Duany Plater-Zyberk & Company (DPZ) is the world leader in the practice and direction of urban planning, having designed over 300 new and existing communities worldwide. DPZ is the Town Planner of Hampstead with Andrés Duany as the Project Manager. DPZ is led by its principals, Andrés Duany and wife Elizabeth Plater-Zyberk, who are co-founders of the Congress for the New Urbanism (CNU), recognized by the New York Times as "the most important collective architectural movement in the United States in the past fifty years." The movement, currently over 3,000 strong, marked a turning point from the segregated planning and architecture of post-war America in favor of promoting time-tested principles of traditional planning & design that created the best-loved and most-enduring places throughout the world.

DPZ’s projects have received numerous awards, including The Richard H. Driehaus Prize for Classical Architecture, 2 National AIA Awards, the Vincent Scully Prize, the Thomas Jefferson Medal and 2 Governor’s Urban Design Awards for Excellence. The firm’s early project of Seaside, Florida, was the first authentic new town to be built successfully in the United States in over 50 years. In 1989, Time Magazine selected Seaside as one of the 10 "Best of the Decade" achievements in the field of design. In 2004, Builder Magazine recognized Duany as among the 50 most influential people in home building. Duany was ranked after Alan Greenspan and George W. Bush, earning Duany the distinction of being the top ranking individual from the private sector.

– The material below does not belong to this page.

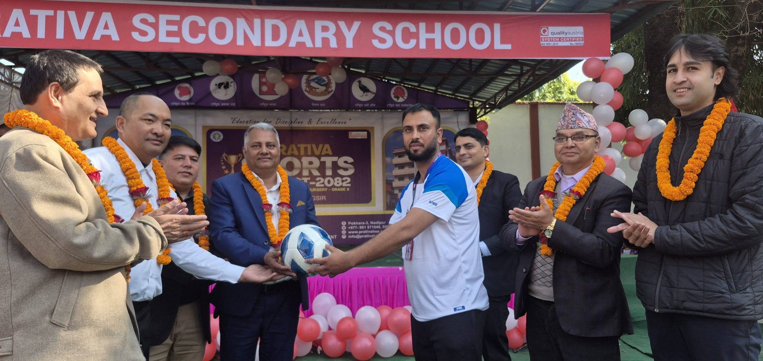 पोखरा, पोखराको नदिपुरमा रहेको प्रतिभा माध्यमिक विद्यालयको वार्षिक कार्यक्रम अनुसार स्पोर्टस् फेस्ट- २०८२ शुरु भएको छ । दुई साता चल्ने स्पोर्टस् फेस्टमा हरियो, रातो, पहेंलो र निलो गरी सदनात्मक रुपमा विद्यार्थीले प्रतिष्पर्धामा भाग लिनेछन् । विद्यालयका पूर्व प्राथमिकदेखि कक्षा १० सम्मका विद्यार्थीहरुले विभिन्न खेलहरुमा प्रतिष्पर्धा गर्नेछन् ।

DPZ has been featured in other national media such as NBC News and ABC News, as well as Newsweek, the New York Times, the Washington Post, and the New Yorker.

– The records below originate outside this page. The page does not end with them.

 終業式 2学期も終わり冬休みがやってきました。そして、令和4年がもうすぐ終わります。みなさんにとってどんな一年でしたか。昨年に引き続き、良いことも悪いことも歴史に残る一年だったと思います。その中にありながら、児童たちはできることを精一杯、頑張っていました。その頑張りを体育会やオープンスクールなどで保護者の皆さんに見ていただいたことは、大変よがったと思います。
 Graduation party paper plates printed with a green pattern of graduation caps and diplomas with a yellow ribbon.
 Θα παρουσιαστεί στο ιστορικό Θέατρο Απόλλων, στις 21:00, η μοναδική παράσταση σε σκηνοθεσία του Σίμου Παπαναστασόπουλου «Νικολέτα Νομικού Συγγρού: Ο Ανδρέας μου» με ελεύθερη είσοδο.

The firm's method of integrating master plans with project-specific design codes can be seen in sites ranging from 10 to over 500,000 acres throughout the United States. Abroad, DPZ projects are underway in the United Kingdom, Canada, Germany, Belgium, Australia, the Philippines, Mexico, and South America. DPZ also specializes in comprehensive urban redevelopment and sprawl repair as seen in Miami, Providence, and the hurricane-devastated towns of Louisiana and Mississippi.